KEY POINTS:
Major players in the telecommunications industry have unanimously rejected the current system for providing phone services to hard-to-reach customers.
The Government is reviewing the telecommunications service obligation (TSO) - an agreement made when Telecom was privatised 17 years ago to guarantee free local calling and affordable phone services in all regions. It was last updated in 2001.
The Telecommunications Carriers Forum - whose members include the major telcos and network providers - now says it wants to work with the Government to revise the TSO.
The forum has proposed a working group to get consensus on minimum standards for basic phone service and encourage industry competition and investment in rural areas.
TCF independent chair Malcolm Alexander said the industry had raised areas for discussion and said a collaborative approach with the Government would speed up an agreement on the TSO.
The potential scrapping of free local calling - which one industry observer described as "politically sacrosanct" - is not included in the review.

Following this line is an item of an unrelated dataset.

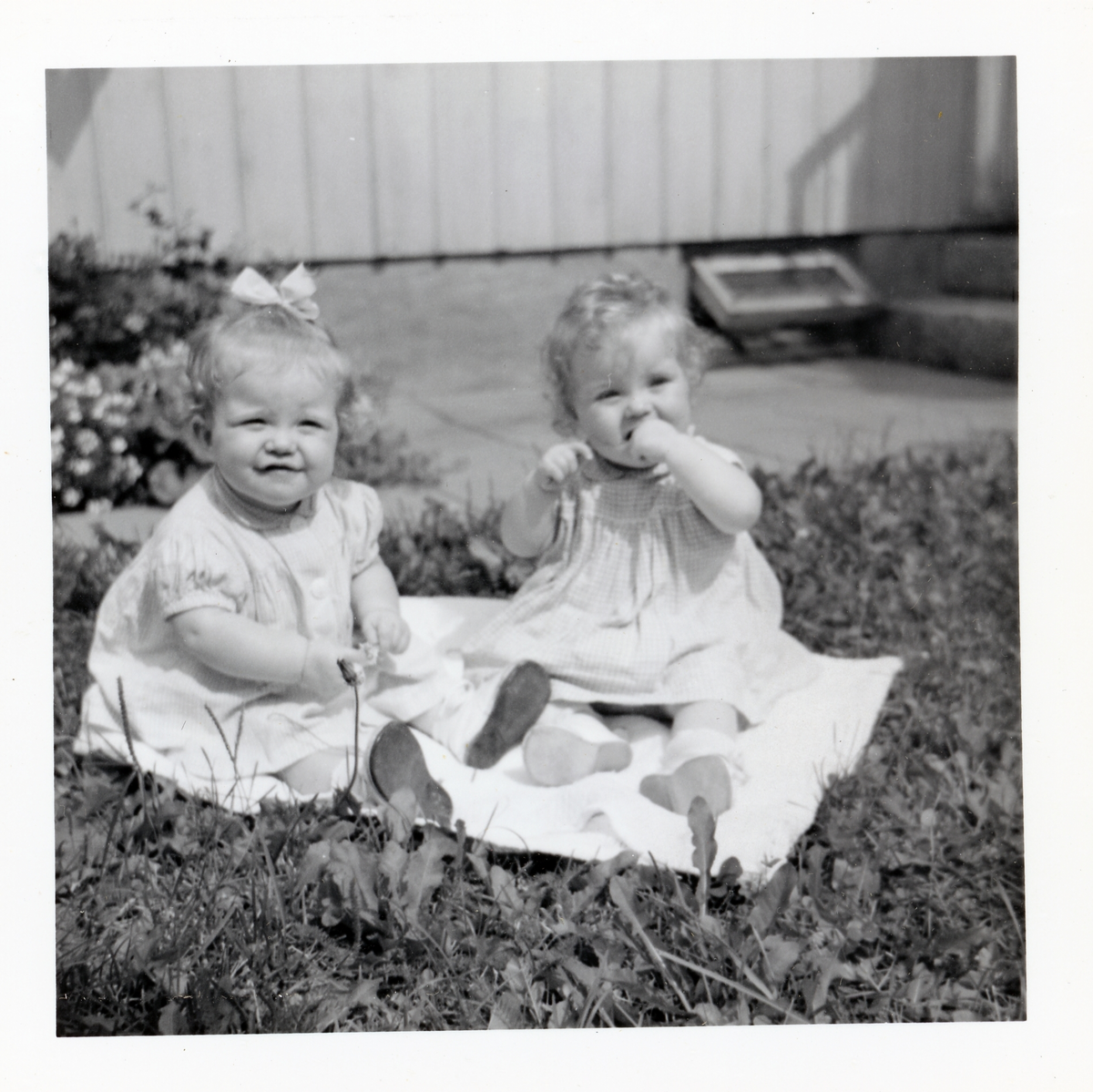 Fotografi på två små flickor med klänningar som sitter på en filt i gräset, troligen vid Lilla Källbäck.

"The concept of working together on meaty issues in the telco space is not novel," said Alexander. "The key is we're trying to be constructive. It isn't from left-field in the sense that the forum has made good progress in a whole lot of other what have at first blush looked big asks."

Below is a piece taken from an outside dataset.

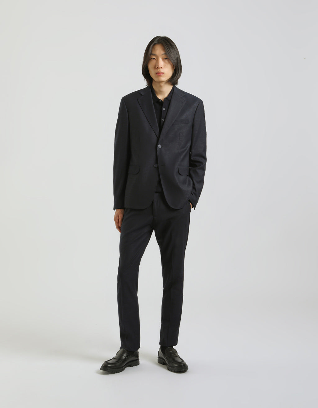 ALTEZZA MODELLO 185cm - TAGLIA 52 Abito tinta unita con chiusura a due bottoni, tasche con pattina e taschino a filetto sul petto. Polsini con bottoni. Due taschini interni. Pantaloni con tasche laterali anteriori e tasche a filetto posteriori. Chiusura con bottone e zip.

He points to industry-wide agreements on number portability and local-loop unbundling as examples.
Telecommunications Users Association head Ernie Newman said the forum was the most qualified group of people to be addressing the TSO. "We have a good deal of confidence that people in the industry that know the technology and know the infrastructure inside out with common sense and good will can come up with the best solution," he said.
Telecom spokesman Mark Watts said the increased industry competition and technology change since 2001 had had consequences for the TSO. "We're clearly of the view that we can and will work alongside industry, as we have been doing, to set in place the standards and other arrangements that people will expect," he said.
The Government had also suggested including broadband as part of the TSO, a proposal the industry has come out against saying it is too soon to be included given the significant changes happening at present in the broadband market.